At best, Vazire says you could use it as a comparative tool that can tell you how you rank on extroversion compared with others who have taken the same test. There have been studies that show certain Big 5 factor scores correlate with certain outcomes—conscientiousness correlates with longer life, for instance, and extroversion correlates with higher sales for sales reps. “But that doesn’t mean someone with high extroversion will be a better salesperson,” Vazire says. Correlations are just that; they could be incidental. But commercial personality assessments seem to depend heavily on such correlations. For example, one assessment from The Predictive Index, a company that measures behavioral characteristics and matches personality profiles to jobs, views such correlations in their own studies as a measure of success. “[We showed] in one client, a retail jeweler, that increases in dominance or aggression was responsible for $125,000 in revenue,” says Thad Peterson, one of the company’s executives. The idea behind The Index, Peterson says, is to use those measures to help “marry people to [job] positions.”

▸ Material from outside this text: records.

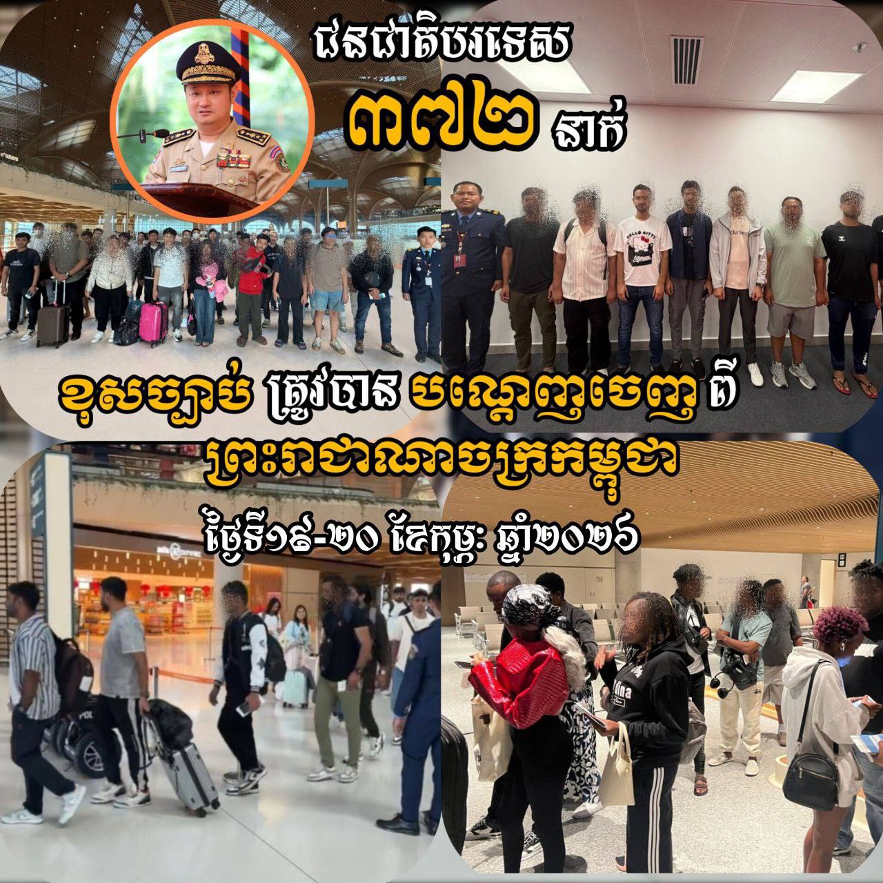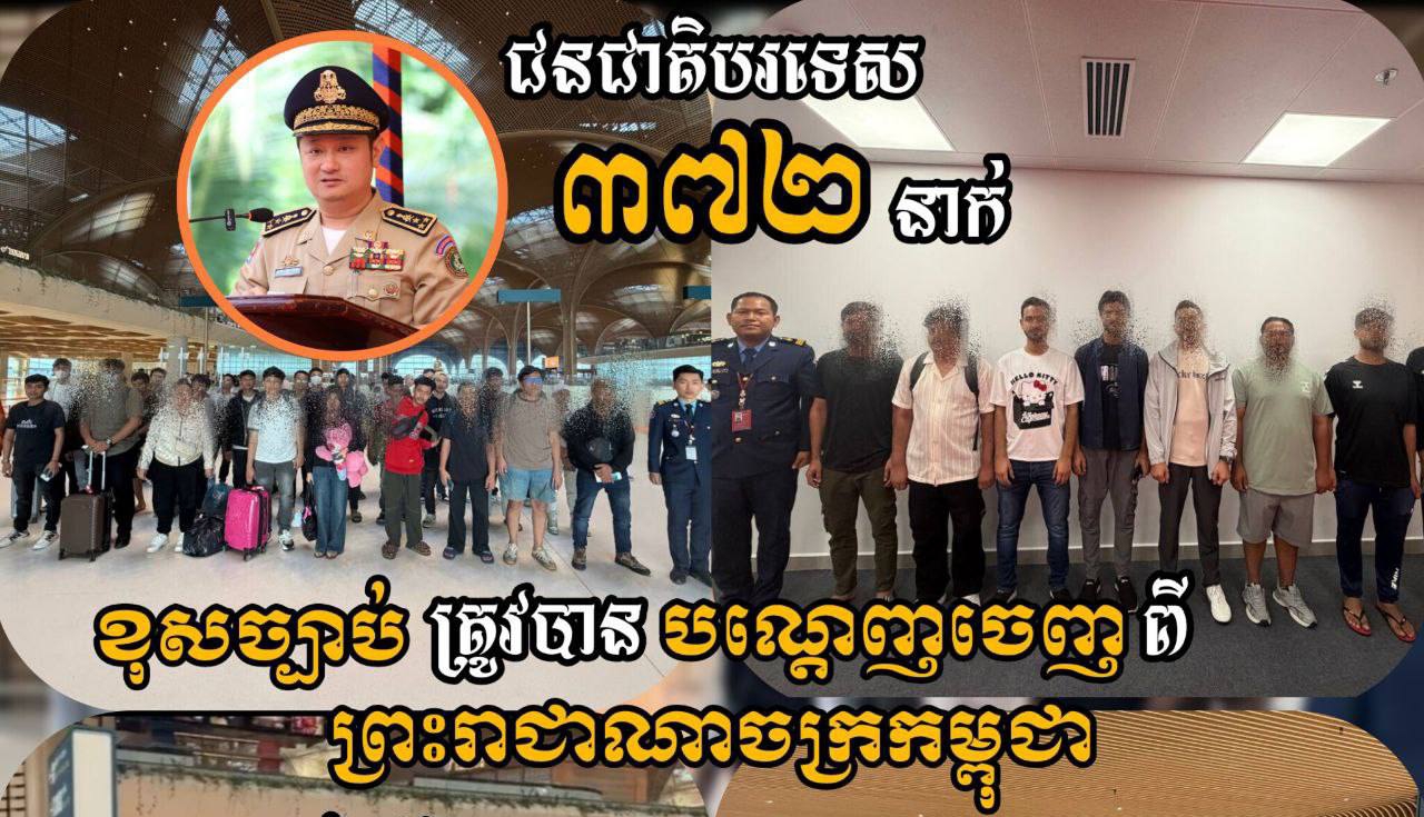 ភ្នំពេញ៖ អគ្គនាយកអន្តោប្រវេសន៍ នៃក្រសួងមហាផ្ទៃ នៅព្រឹកថ្ងៃទី២១ ខែកុម្ភៈ ឆ្នាំ២០២៦នេះបានឱ្យដឹងថា ដោយអនុវត្តតាមអនុសាសន៍ដ៏ខ្ពង់ខ្ពស់ របស់លោកអភិសន្តិបណ្ឌិត ឧបនាយករដ្ឋមន្ត្រី រដ្ឋមន្ត្រីក្រសួងមហាផ្ទៃ លោកសន្តិបណ្ឌិត និងថ្នាក់ដឹកនាំក្រសួងមហាផ្ទៃ លោកឧត្តមសេនីយ៍ឯក សុខ វាសនា អគ្គនាយកអន្តោប្រវេសន៍ នៅថ្ងៃទី ១៩-២០ ខែកុម្ភៈ ឆ្នាំ២០២៦ បានណែនាំឱ្យនាយកដ្ឋានស៊ើបអង្កេត និងអនុវត្តនីតិវិធី បន្តធ្វើការបណ្តេញជនបរទេសសរុបចំនួន ៣៧២នាក់ (ស្រី ៥៤នាក់) មាន ១៨សញ្ជាតិ ។ ក្នុងនោះរួមមាន៖ ជនជាតិចិន ម៉ាឡេស៊ី ឥណ្ឌា ស្រីលង្កា បង់ក្លាដេស ប៉ាគីស្ថាន ឥណ្ឌូនេស៊ី កេនយ៉ា នីហ្សេរីយ៉ា អេហ្ស៊ីប អេតូ្យពី ហ្គាណា យ៉ូហ្គង់ដា ហ្វីលីពីន ប្រេស៊ីល ន័រវែស អាហ្វ្រិកខាងត្បួង និងចិនតៃវ៉ាន់ ត្រូវបានបណ្ដេញចេញតាមប៉ុស្តិ៍នគរបាលច្រកទ្វារអាកាសអន្តរជាតិតេជោ ជនបរទេសទាំងអស់នេះពាក់ព័ន្ធករណីលួចឆ្លងដែន ស្នាក់នៅគ្មានលិខិតឆ្លងដែន និងធ្វើការងារខុសច្បាប់នៅក្នុងព្រះរាជាណាចក្រកម្ពុជា។
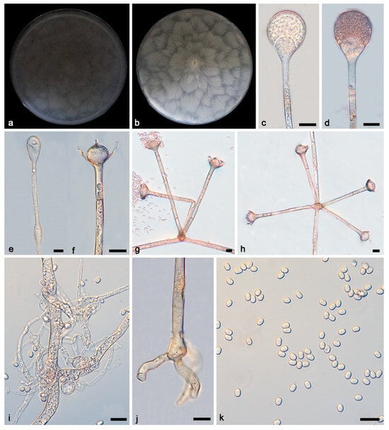 Absidia irregularis ex-holotype CGMCC 3.27812. (a,b) Colonies on PDA ((a) obverse; (b) reverse); (c,d) an unbranched sporangiophore with a sporangium; (e,f) columellae, collars, sporangiospores, and apophyses; (g) branched sporangiophores with sporangia; (h) branched sporangiophores with columellae, collars, sporangia, and apophyses; (i,j) rhizoids; (k) sporangiospores; bars: (c–k) 10 μm.
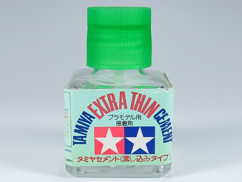 ←タミヤセメント流し込みタイプ こちらは通常の有機溶剤の入った流し込みタイプのセメント。 |
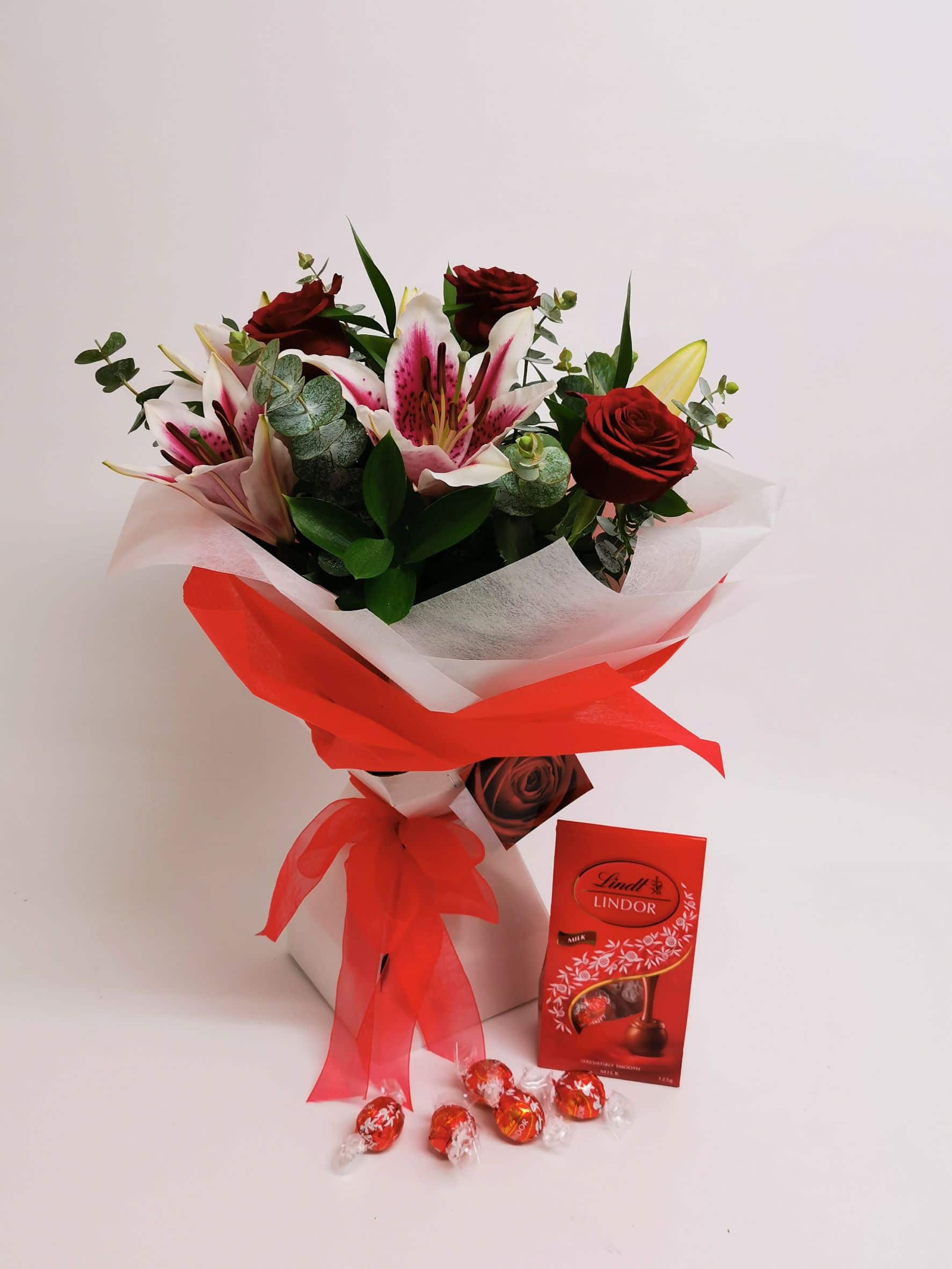 Valentine’s Combo Pink Lilies/ Red Roses/Choc
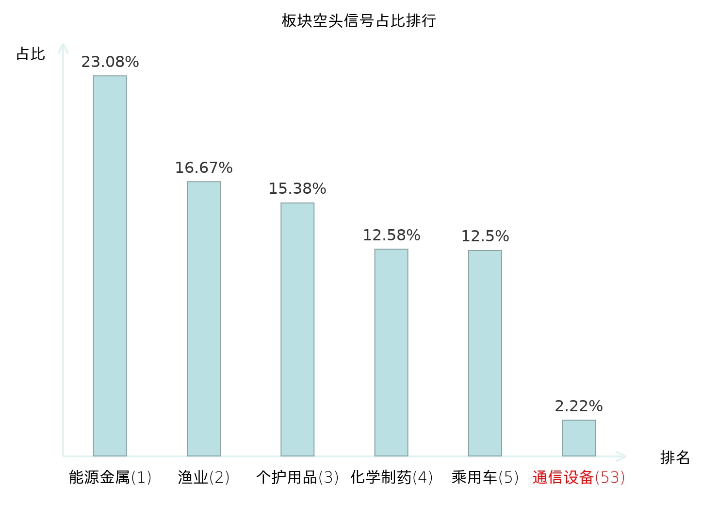 全市场所有行业板块中主力空头信号占比排名中,能源金属板块位居第一。小金属板块名次提升最快,较昨日上升105位。

Such personality assessments—particularly those targeted toward hiring recruiters and managers—aim to uncover a kind of “hidden truth about the person,” says Randy Stein, a psychologist at California Polytechnic State University, Pomona. “They assume that there is an essence of you and an essence of the job, and you should be matching up those two things in hiring,” he says. “But I don’t think there is a hidden truth—and even if there is, a personality test doesn’t do it.”

When you really break things down these kinds of tests are what you make of them. While they are valid on some levels they are not on others. Sure these tests are based on psychological science, but they are never going to be as spot-on as we would like for them to be.